The doctors were out of ideas to help 5-year-old Charlotte Figi. As a last resort her mother called medical marijuana shops to ease the 300 seizures her daughter was having every week.
Suffering from a rare genetic disorder, she had as many as 300 grand mal seizures a week, used a wheelchair, went into repeated cardiac arrest and could barely speak. As a last resort, her mother began calling medical marijuana shops.
Two years later, Charlotte is largely seizure-free and able to walk, talk and feed herself after taking oil infused with a special pot strain. Her recovery has inspired both a name for the strain of marijuana she takes that is bred not to make users high — Charlotte’s Web — and an influx of families with seizure-stricken children to Colorado from states that ban the drug.

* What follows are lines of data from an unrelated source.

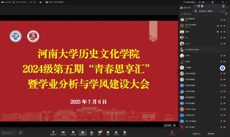 2024级第五期“青春思享汇”暨学业分析与学风建设大会通过线上会议顺利举行。本次会议由2024级本科生辅导员田管宁主持,2024级全体学生参会。
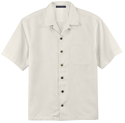 A luxurious blend of cotton and rayon makes these silky camp shirts ideal for business or relaxing aboard in high style. With wood-tone buttons down the front, the men's version has a large chest pocket with a roomy cut, while the ladies features a fitted silhouette with front and back contour darts. | ||
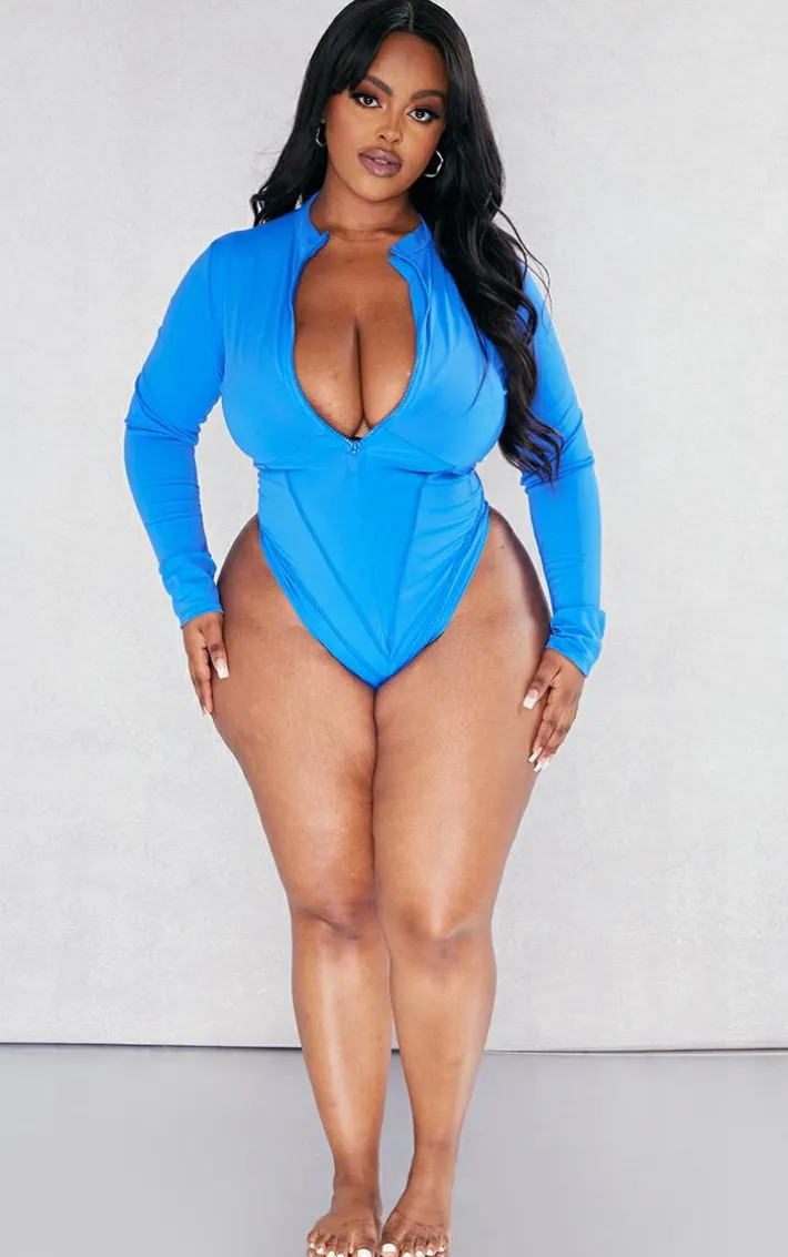 Dare to stand out from the crowd in this statement plus cobalt zip up seam detail long sleeve swimsuit, it is a must-have for those beach days and beyond. With a cobalt hue material, a zip up design, seam detailing and long sleeves, you’re sure to be adding this bold piece straight to your basket, it’s a definite yes from us. Team with your fave shades and gold hoop earings for a fool proof finish.
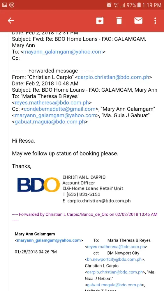 My sister, Mary Ann C. Galamgam who is an OFW applied for a home loan last year to BDO Newport Office and she appointed me as her Attorney-in fact. Last year we were able to complied with all the requirements and paid the necessary bank fees except for the 2018 Tax Clearance because Registry of Deeds doesn't want to issue one so we have waited until 2018. Last January 25, 2018 we received acknowledgment receipt for all the compliance that are lacking and confirmed on the additional documentary stamps tax due to Tax changes. I was able to confirmed in the e-mail came from Ms. Maria Theresa B. Reyes. However from then on I haven't received any information or what on the status of my sister's loan. No one from the group could even bother to reply my e-mail except to Sir Christian Carpio (who has giving false hope). I have been calling Ms. Reyes but not one did she bothered to answer my call or e-mails to her. Please help us. Give us at least verified information on the status of my sister's loan or at least give us the waiting time.
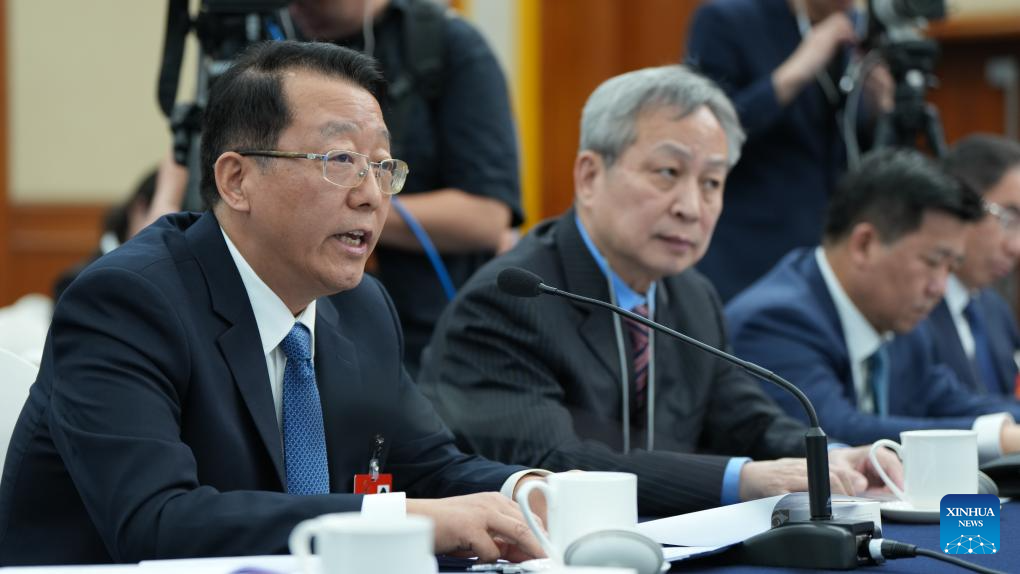 Feng Xingya (izq.), diputado de la XIV Asamblea Popular Nacional (APN), habla en una reunión de grupo de la delegación de la provincia de Guangdong en la tercera sesión de la XIV APN en Beijing, capital de China, el 6 de marzo de 2025. (Xinhua/Liu Dawei)
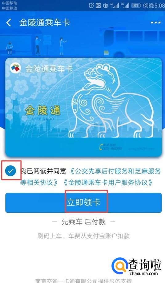 弹出的界面,我们点击图示中的勾选处,然后点击立即领卡;

“She can walk, talk; she ate chilli in the car,’’ her mother, Paige Figi, said as her dark-haired daughter strolled through a cavernous greenhouse full of marijuana plants that will later be broken down into their anti-seizure components and mixed with olive oil so patients can consume them. “So I’ll fight for whoever wants this.’’
Doctors warn there is no proof that Charlotte’s Web is effective, or even safe.
In the frenzy to find the drug, there have been reports of non-authorised suppliers offering bogus strains of Charlotte’s Web. In one case, a doctor said, parents were told they could replicate the strain by cooking marijuana in butter. Their child went into heavy seizures.
“We don’t have any peer-reviewed, published literature to support it,’’ Dr. Larry Wolk, the state health department’s chief medical officer, said of Charlotte’s Web.
Still, more than 100 families have relocated since Charlotte’s story first began spreading last summer, according to Mrs Figi and her husband and the five brothers who grow the drug and sell it at cost through a non-profit. The relocated families have formed a close-knit group in Colorado Springs, the law-and-order town where the dispensary selling the drug is located. They meet for lunch, support sessions and hikes.
“It’s the most hope lots of us have ever had,’’ said Holli Brown, whose 9-year-old daughter, Sydni, began speaking in sentences and laughing since moving to Colorado from Kansas City and taking the marijuana strain.
Amy Brooks-Kayal, vice president of the American Epilepsy Society, warned that a few miraculous stories may not mean anything — epileptic seizures come and go for no apparent reason.
Few dispensaries stock CBD-heavy weed that has the THC removed because the THC is what gets you high. CBD, or cannabidiol, lacks the psychoactive effects of smoking pot but retains many of the medicinal benefits, including its anti-seizure and anti-inflammatory effects.
Luckily enough, Paige Figi found Joel Stanley.
One of 11 siblings raised by a single mother and their grandmother in Oklahoma, Mr Stanley and four of his brothers had found themselves in the medical marijuana business after moving to Colorado. Almost as an experiment, they bred a low-THC, high-CBD plant after hearing it could fight tumours.